Background technology:
Traditional methylprednisolone 9, the production technique of 11-deestering material is a raw material with the wet product of intermediate 11-sulphonate, acetic acid and Potassium ethanoate, carry out 9, the 11-de-ester reaction is rapidly heated to abundant backflow, dilution after reaction finishes, filtration, dry methylprednisolone 9, the 11-deestering material of getting.Its shortcoming is: the wet product of this process using sulfonyl compound feed intake; the water content instability of sulfonyl compound, the ratio of dissolving back acetic acid and water is indefinite, makes the reaction reflux temperature fluctuate up and down; the structure of temperature drift meeting demolition purpose product causes principal product quality and yield lower.
Summary of the invention:
The present invention is directed to the problem that prior art exists, a kind of methylprednisolone series product 9 are provided, the producing and manufacturing technique of 11-deestering material, with the wet product of 11-sulphonate, acetic acid, Potassium ethanoate is raw material, be rapidly heated to abundant backflow, add temperature control water, regulate back flow reaction and under the temperature of the best, carry out, dilution after reaction finishes, filtration, dry methylprednisolone 9, the 11-deestering material of getting.

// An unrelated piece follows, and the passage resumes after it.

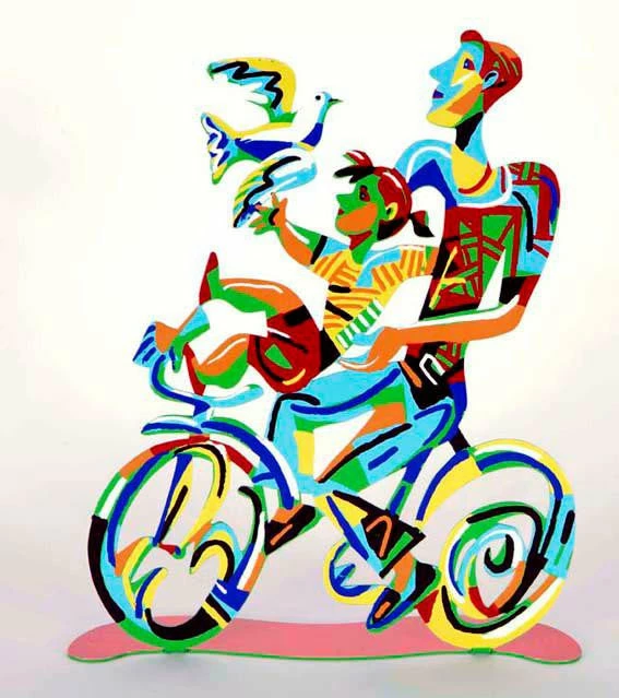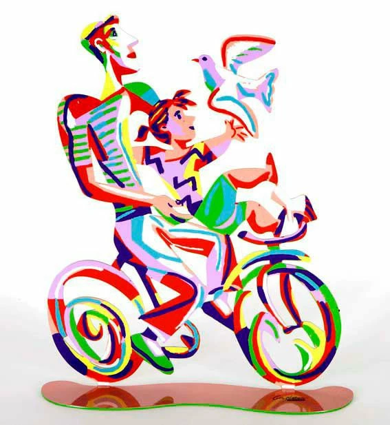 Israeli artist David Gerstein’s “Riders” sculptures are created through the unique process of serigraphy on laser cut steel. The result is a special piece of art that is colorful, whimsical and contemporary. Each piece is double sided for maximum beauty from all angles.

Dehydrogen substance 11-sulphonate
Methylprednisolone 9, the 11-deestering material
(R
1=-CH
3Or-H; R
2=-H or-OH or-OCOCH
3)
But add the ratio of temperature control water quick adjustment acetic acid and water, make reflux temperature stable, avoided the ruined phenomenon of product structure that causes owing to temperature is too high, the quality and the yield of product significantly improve.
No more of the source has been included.